My Return to Meccano
Like many others, I have come back to Meccano in my ‘retirement’ years. In my case 'The Gap' has been more than 50 years! As a teenager in Birkenhead (just across the Mersey from Binns Road) I got my first set, an Outfit 7, for Christmas 1950. Over time, I built it up with Accessory Outfits and individual spare parts to a Number 9+. But, of course, Accessory Outfit 9A was way beyond my reach in those days, so I had no hope of ever owning a Set 10. Nevertheless, I got hours and hours of enjoyment from my sets. I always maintain that, if I know anything about mechanics, I learned it from my Meccano. Even as an adult I could not bear to part with it, so when I moved to the USA, nearly 20 years ago, my Set 9+ came with me.

In the last couple of years I have been able, little by little, to add enough spare parts to now be the proud possessor of a Medium Red/Green Outfit 10+. My Set 10 only lacks the 6” pulley (who needs it?), the extra Propeller Blade (a Spitfire is not on my list of forthcoming models!), and the Plastic Flexible Plates, which were not incorporated into Set 10 until the 1960s.

I actually started building models again in 2009. To get me started, I rebuilt a couple of the models I had built as a teenager – the simple Milk Float from the Meccano Magazine for May 1951, and the Platen Printing Press described in the March

1938 MM. These latter instructions I have on a much-battered, single page from that issue, but I haven’t the slightest idea where it came from! (Nowadays, of course, I can tap into the NZ Meccano website to print out a pristine copy of those MM instructions.)

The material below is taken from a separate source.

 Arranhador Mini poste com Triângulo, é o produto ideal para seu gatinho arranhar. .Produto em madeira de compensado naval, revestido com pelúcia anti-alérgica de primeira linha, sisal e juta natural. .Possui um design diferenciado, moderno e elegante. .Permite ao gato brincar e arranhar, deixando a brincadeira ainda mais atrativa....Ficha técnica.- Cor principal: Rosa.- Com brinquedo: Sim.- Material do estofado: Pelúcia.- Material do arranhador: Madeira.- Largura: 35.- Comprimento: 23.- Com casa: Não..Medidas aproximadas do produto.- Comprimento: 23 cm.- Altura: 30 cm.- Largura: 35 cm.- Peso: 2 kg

As I have started Meccano building again, I have been struck by just how unclear and incomplete the MM ‘instructions’ for those models really were. And to add to the problem, the halftone illustrations in the postwar MMs were so coarse as to be almost impossible to decipher. Probably the same comment can be made about the Outfit Instruction Manuals of the time. I can’t actually remember how I coped with all this as a teenager, but these days it drives me to distraction! My frustration with this will be noted in the following commentary on three of my recent models.

The Platen Printing Press
This is a really interesting little machine from 1938, it runs fast with an old E20R

motor, originally E6, and would make a very nice Exhibition model. It is fascinating in motion – it has five different things going in all different directions.

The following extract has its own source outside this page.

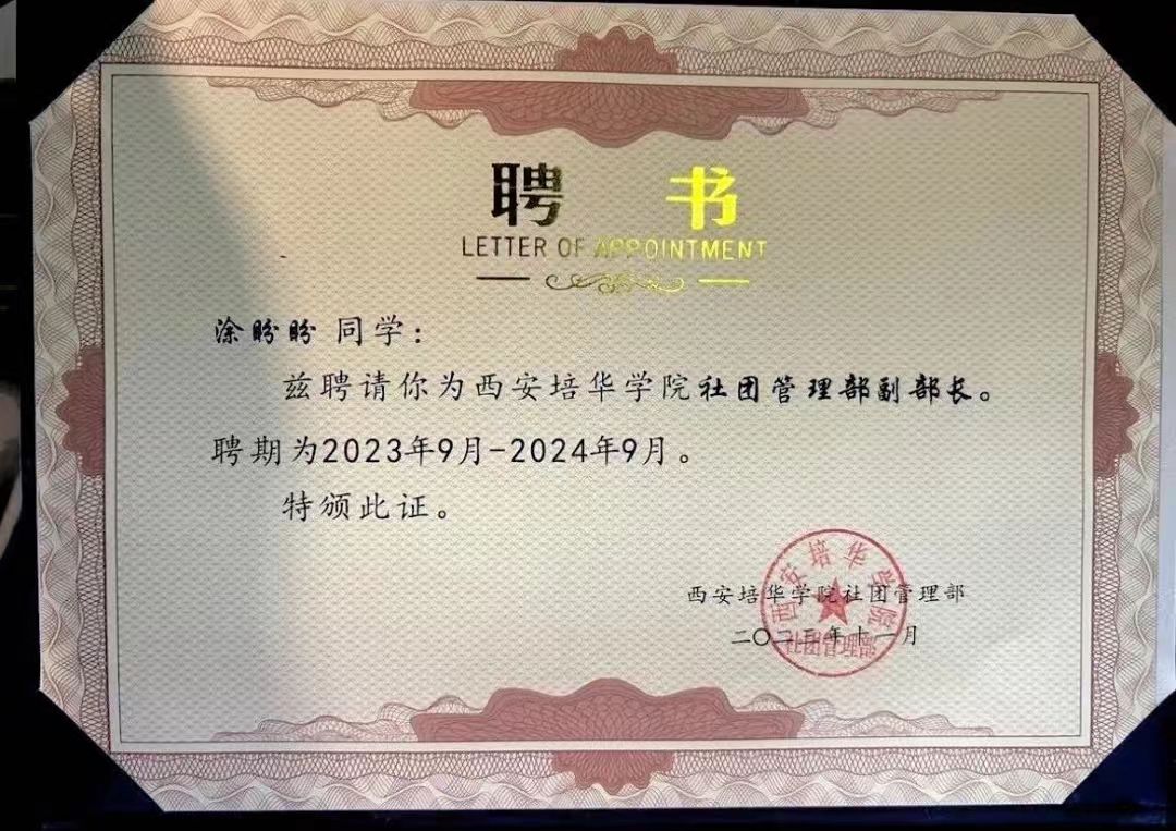 “糊涂”老师在生活中幽默风趣,在工作中则是社管大家庭中默默无闻却极其优秀的幕后工作者。培华社联这一年推文的结尾总会出现7个字——责任主编:涂盼盼。她总是用心制作每一篇推文,从标题的斟酌到内容的润色,再到排版的设计,每一个细节都经过她的反复推敲。每一篇推文都充满创意和美感,能够在第一时间吸引大家的目光。她的工作不仅仅是文字的组合,更是艺术的表达。虽然她的工作大多数时候都在幕后,但她的努力和付出却在每一篇推文中得到了最好的体现。她用实际行动诠释了“勤奋”、“用心”和“专业”的真正含义。正因为有她这样的优秀幕后工作者,我们的团队才能不断进步,才能为大家带来更好的内容和视觉享受。
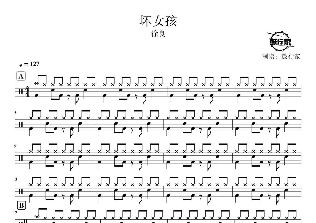 《坏女孩》是徐良演唱的一首歌曲,拍号为4/4拍,歌曲速度为每分钟127拍,这份鼓谱共有两张高清图谱,图谱由 @鼓行家 编配上传,图谱使用五线谱编配,使用这份坏女孩架子鼓谱,你将能够轻松地敲打出这首徐良的坏女孩,快来尝试吧。

I had fully expected this fairly simple model would take just an afternoon to put together, and an evening to adjust. Hah!! I started by trying to build the model as per the instructions to see how it was meant to operate, with the intention of making a ‘new and improved’ version afterwards. But I got so frustrated with the paucity (and/or inaccuracy) of the information in the MM, that I made improvements, or self-invented parts of it, as I went along. I was building and dismantling almost every part of it in turn. (Does everyone do that?)

The Parts Required list is wrong in many items, even accounting for the fact that some parts may have had a different number in 1938. Quite a few parts are not even listed. The instructions themselves are woefully inadequate. For example, the form of the framework of the Press is crucial for the journalling of the rods, the positioning of the gears, and the movement of the platen and rollers. But the illustrations are by no means clear, and the ‘instructions’ for the frame in the text are useless.

My improvements to the original model ‘will be quite obvious from the illustrations’ (to quote the MM!). Overall, I beefed-up the framework a lot, using Angle and Flat Girders in places instead of Perforated Strips, and I braced the structure more firmly. In the MM instructions the old E6 motor was secured with a single 3½” Double Angle Strip! I replaced that with a 2½” x 3½” Flanged Plate. I used Axle Rods as connectors, instead of Perforated Strips, simply because I thought

they looked more authentic. ( I have actually operated Platen Presses from time to time.) I rather like my solution for the flywheel. A heavy brass 3½” Gear Wheel is sandwiched between two Flanged Discs. The MM model has the flywheel on the same axle rod as the eccentrics and it turned rather slowly. I moved it onto its own axle and geared it faster so that it could provide more momentum for the machine. But, in the event, this was all theoretical because, in the model, there is a worm gear in the train which actually prevents the ‘running-on’ that a flywheel is supposed to provide!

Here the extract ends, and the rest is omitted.